Any units given to the module which it does not understand are simply left in place, if all you're doing is measuring chickens, then just use a chicken unit throughout your code.

## Base units, natural units and scaling

To allow for conversion between different measurement systems, it is necessary to chose one which is better than all the others, one which forms the base on which all other measurement systems rest and in whose units all other units can be given.
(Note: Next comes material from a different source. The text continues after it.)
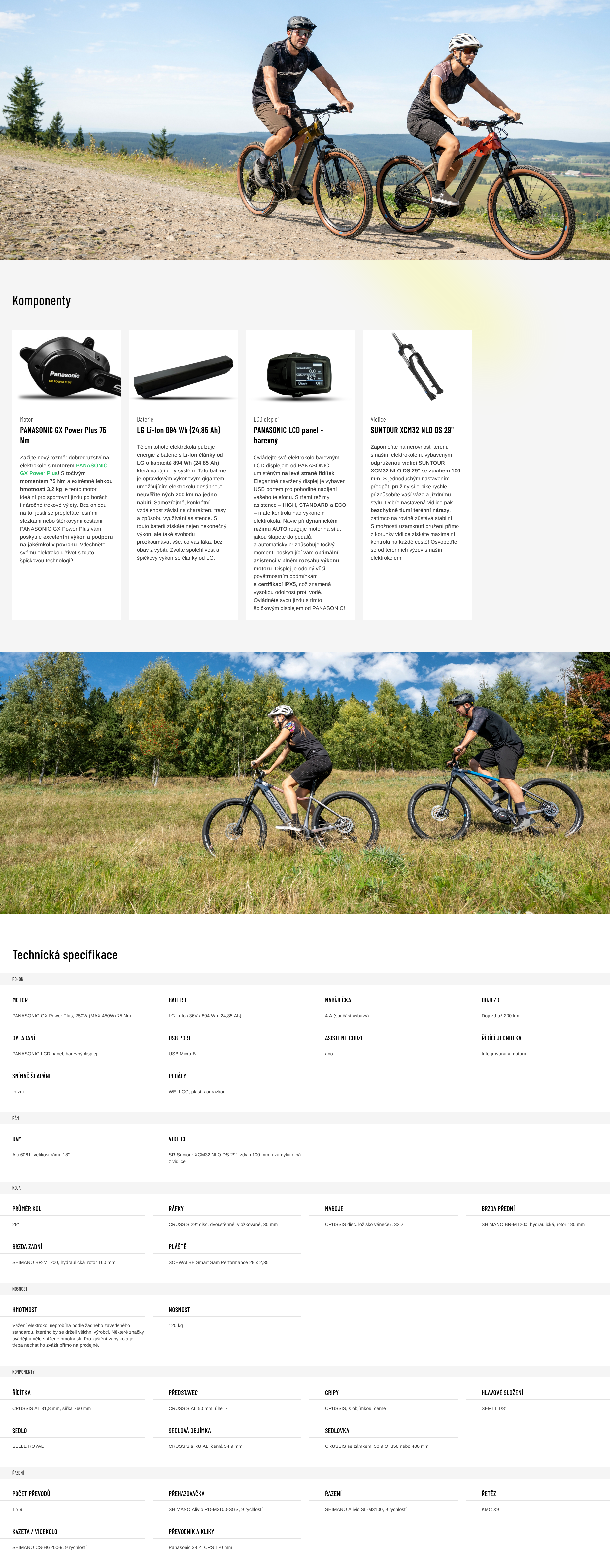 | Přední vidlice: | SR-Suntour XCM32 NLO DS 29", zdvih 100 mm, uzamykatelná z vidlice |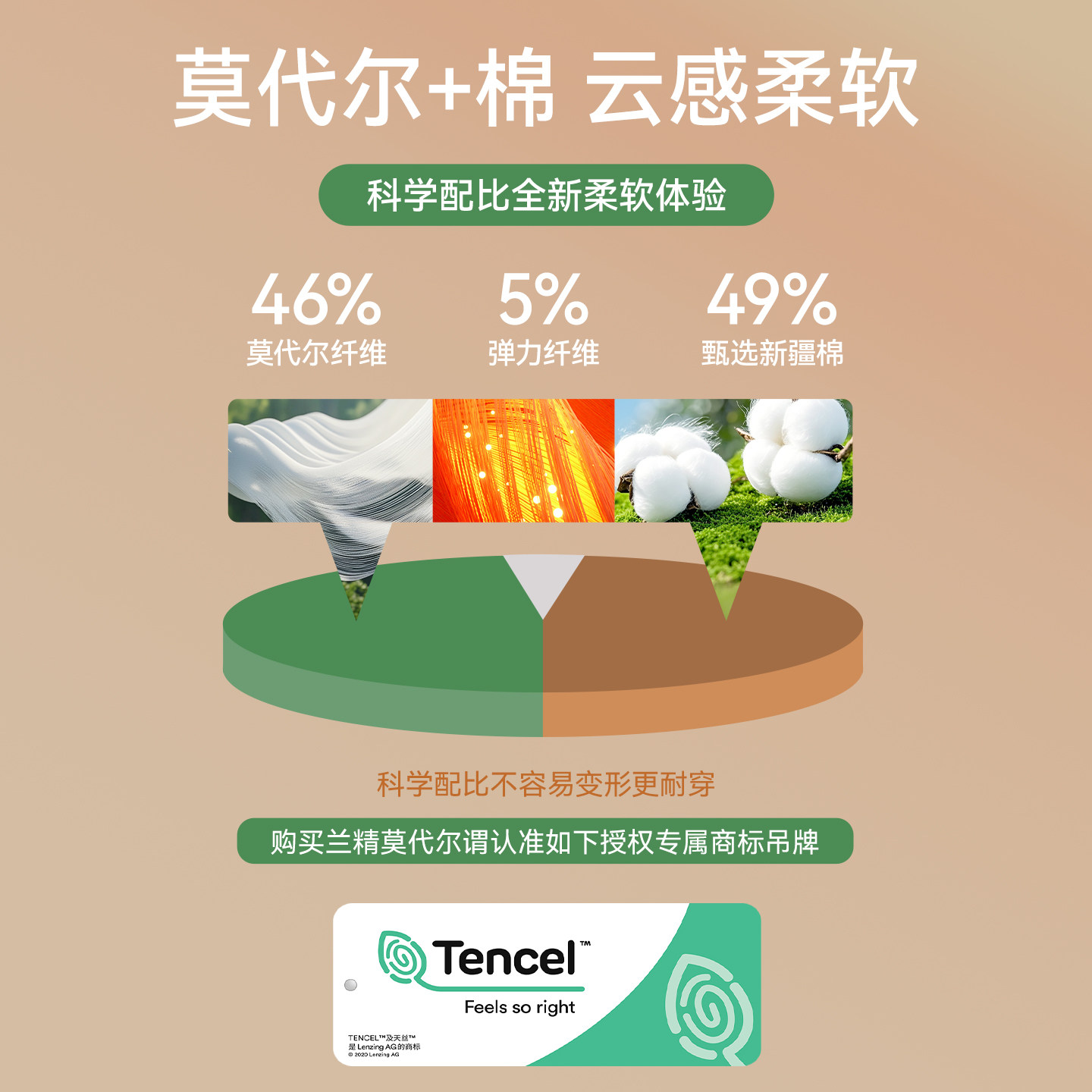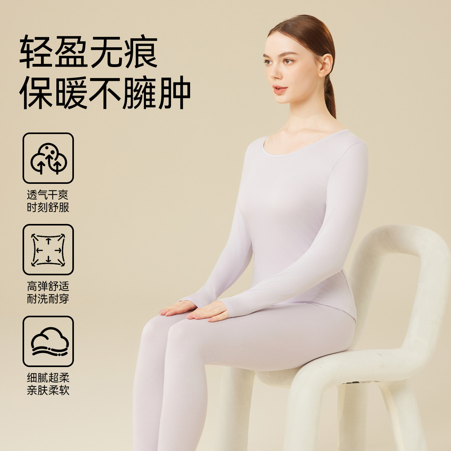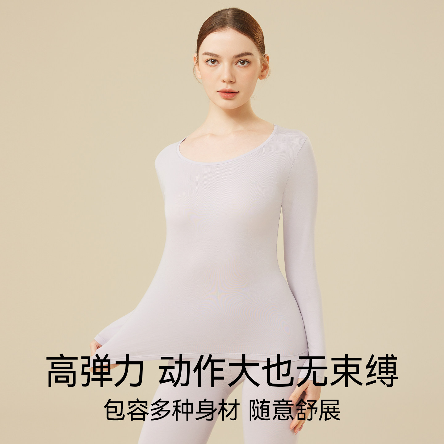 猫人莫代尔棉白色长袖内搭打底衫女2025新款秋冬季圆领薄上衣套装

In scientific systems this will be SI, where the Joule can be expressed as

`` Joule == (kg=>1, m=>2, s=>-2)``

and the eV (electron volt, used in particle physics) can be expressed as:

`` 1 electron Volt == 1.6E-19 Joule == 1.6E-19 kg=>1, m=>2, s=>-2``

Here we say that kg, m and s are the base units of Joules and electron volts, and that the scaling between Joule and its base form is 1, and that between eV and its base form is 1.6E-19. More generally,

`` 1 natural unit == scaling factor * base unit``

Any unit system you want to introduce to your program must be able to take a set of natural units, convert these into suitable base units (which may or may not be SI depending on your application) and calculate the scaling factor which must be used when converting values from the base unit to the natural unit.

## How to do this

You simply need to write a subroutine which takes as its arguments a reference to a hash of natural units and the current scaling factor. It must return a new hash reference with units defined in appropriate basic units, and a scaling factor. Any units your routine does not understand should be left alone as it is possible to chain these subroutines. Your subroutine will always be called before those provided by the module, so it is ok to return nearly basic units like 'Joule'.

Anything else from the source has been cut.